* What to work on *
An exact transcription of the listing, without its images, is what the answer must contain.

* Provided material *

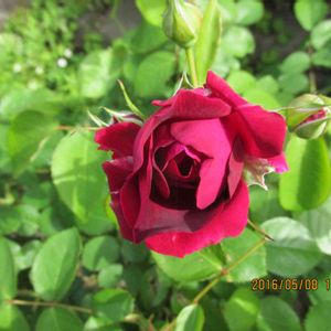 開きかけのウィリアムシェークスピア2000🌹🌹 深いクリムゾンレッドが素敵なバラです❣️ これから沢山咲いてくれることを期待だわ🥰👏💕
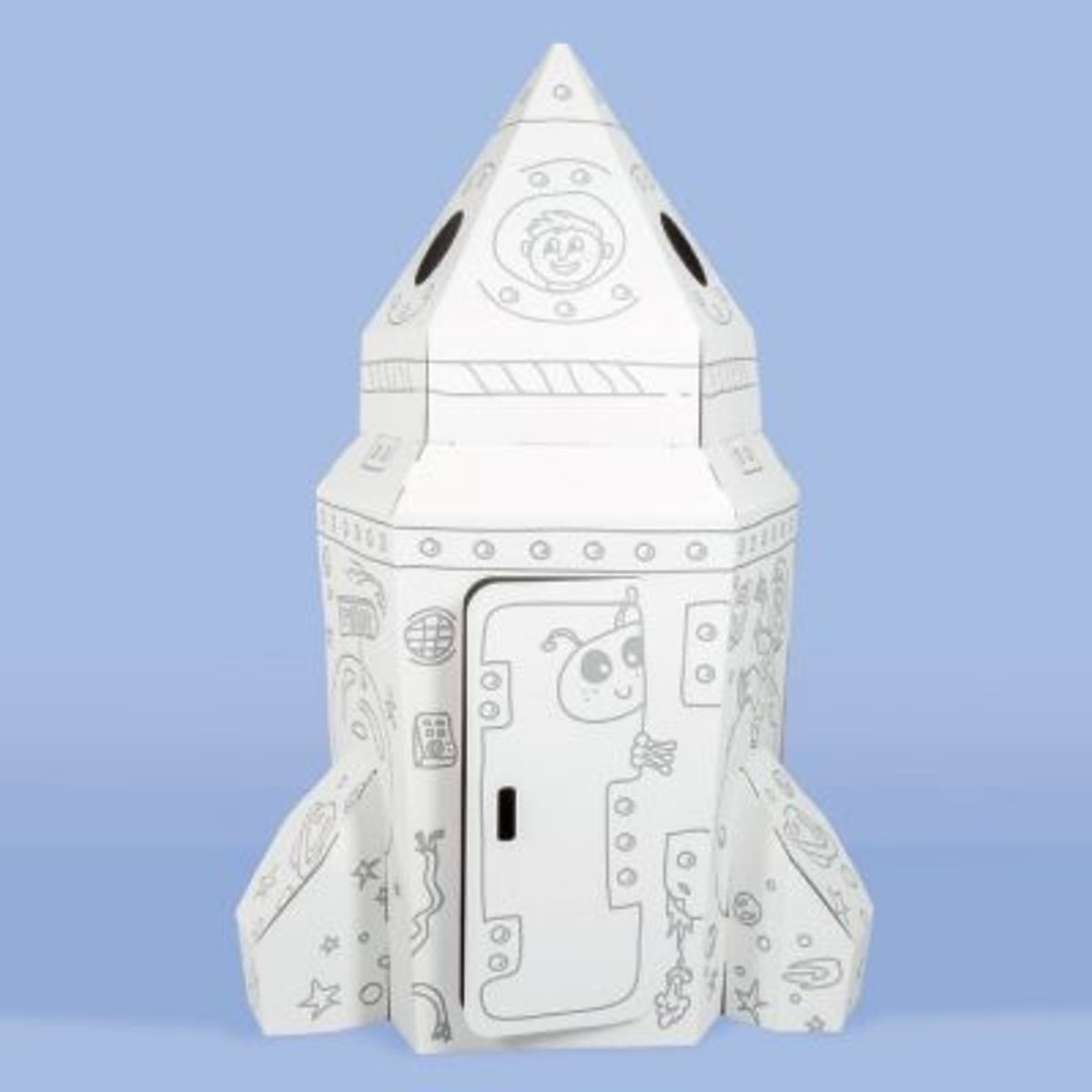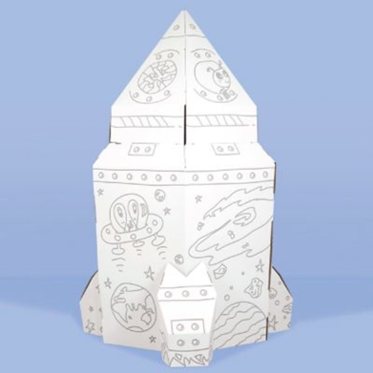 Racheta este realizată din carton ondulat alb cu 5 straturi, pentru asamblare și colorare. (nu necesită lipici sau foarfece!)
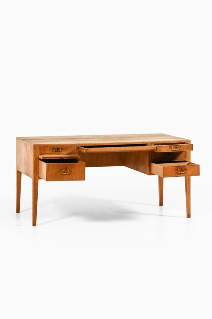 Additional Information: Material: Oak, brass Style: Mid century, Scandinavian Produced in Denmark Dimensions (W x D x H): 150 x 75 x 72.5 cm
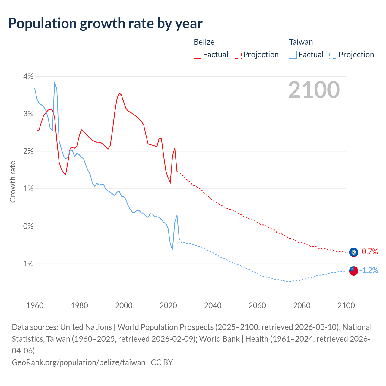 - For the last 10 years, Belize has had an average growth rate of +1.83% per year vs -0.03% in Taiwan.
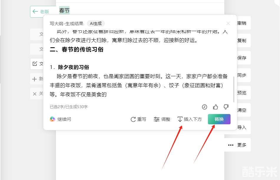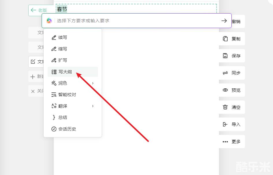 然后选中文字后,点击 “AI 帮我改” 中的 “写大纲” ,AI便会快速撰写
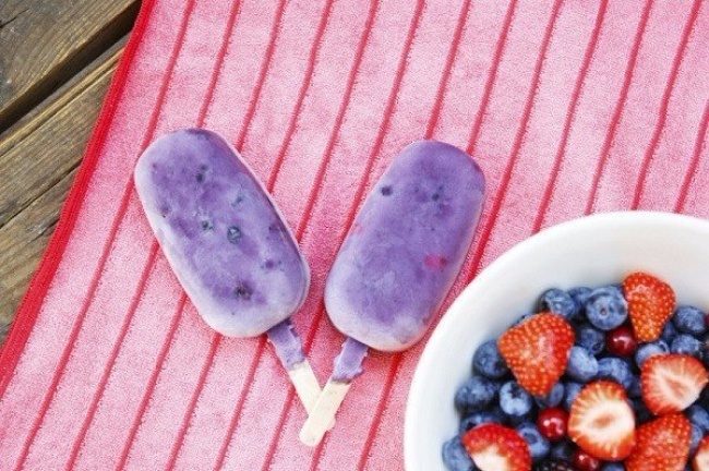 Это мороженое делается по принципу «чем больше, тем лучше». Смешайте в блендере ананасовый сок, чернику, бананы, клубнику и йогурт. Добавьте в полученную смесь ягоды черники и клубники, а затем залейте смесь в формы. Вкус изумительный.
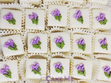 Coconut cake filled with coconut cream and chocolate ganache Petit Fours Petit fours are sold by the dozen and half dozen with a 2 dozen minimum order. Come by our Dallas NC.
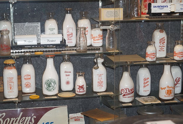 After our excursion train ride, we stepped into the tiny and blissfully air-conditioned museum, which has the feel of a well-kept secret: little gems of history everywhere you look. You could spend half an hour just finding all the fun little stores and structures on the big model railroad that takes up most of the main floor. My kids also enjoyed the displays of train bells and whistles, and for some reason, they were really into the milk bottle display; they were fascinated by the thought of milk being delivered by trains! I was more taken with the photography, glimpses into a long-ago world when train travel and merchandise transport were essential to our country.
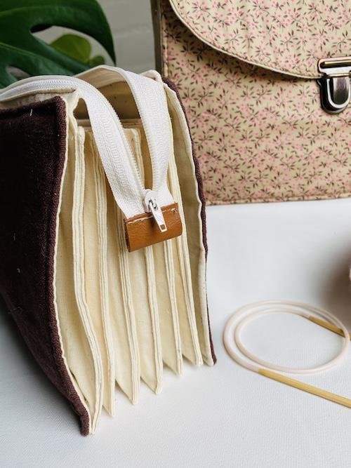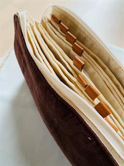 RundpindeEtuiet er bygget op som en harmonika med hele 11 rum i. Rummene har en lædersnip syet med i den øverste søm. På lædersnipperne kan du skrive tal, der viser, hvor tykke rundpinde, der er i hvert rum. Desuden kan der syes en lomme til fx aftagelige rundpinde eller andet grej forrest og/eller bagerst i etuiet.
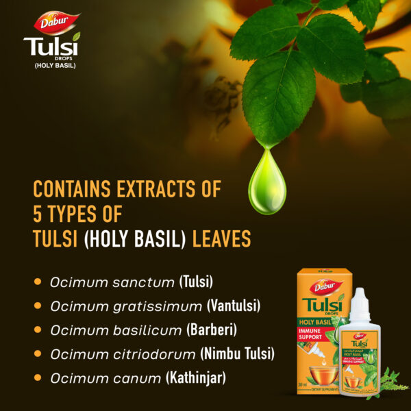 • Dabur Tulsi Drops consists of rare medicinal extracts that help in building the immunity for everyone in your family.

* Exercise solution *
 開きかけのウィリアムシェークスピア2000🌹🌹 深いクリムゾンレッドが素敵なバラです❣️ これから沢山咲いてくれることを期待だわ🥰👏💕
 Racheta este realizată din carton ondulat alb cu 5 straturi, pentru asamblare și colorare. (nu necesită lipici sau foarfece!)
 Additional Information: Material: Oak, brass Style: Mid century, Scandinavian Produced in Denmark Dimensions (W x D x H): 150 x 75 x 72.5 cm
 - For the last 10 years, Belize has had an average growth rate of +1.83% per year vs -0.03% in Taiwan.
 然后选中文字后,点击 “AI 帮我改” 中的 “写大纲” ,AI便会快速撰写
 Это мороженое делается по принципу «чем больше, тем лучше». Смешайте в блендере ананасовый сок, чернику, бананы, клубнику и йогурт. Добавьте в полученную смесь ягоды черники и клубники, а затем залейте смесь в формы. Вкус изумительный.
 Coconut cake filled with coconut cream and chocolate ganache Petit Fours Petit fours are sold by the dozen and half dozen with a 2 dozen minimum order. Come by our Dallas NC.
 After our excursion train ride, we stepped into the tiny and blissfully air-conditioned museum, which has the feel of a well-kept secret: little gems of history everywhere you look. You could spend half an hour just finding all the fun little stores and structures on the big model railroad that takes up most of the main floor. My kids also enjoyed the displays of train bells and whistles, and for some reason, they were really into the milk bottle display; they were fascinated by the thought of milk being delivered by trains! I was more taken with the photography, glimpses into a long-ago world when train travel and merchandise transport were essential to our country.
 RundpindeEtuiet er bygget op som en harmonika med hele 11 rum i. Rummene har en lædersnip syet med i den øverste søm. På lædersnipperne kan du skrive tal, der viser, hvor tykke rundpinde, der er i hvert rum. Desuden kan der syes en lomme til fx aftagelige rundpinde eller andet grej forrest og/eller bagerst i etuiet.
 • Dabur Tulsi Drops consists of rare medicinal extracts that help in building the immunity for everyone in your family.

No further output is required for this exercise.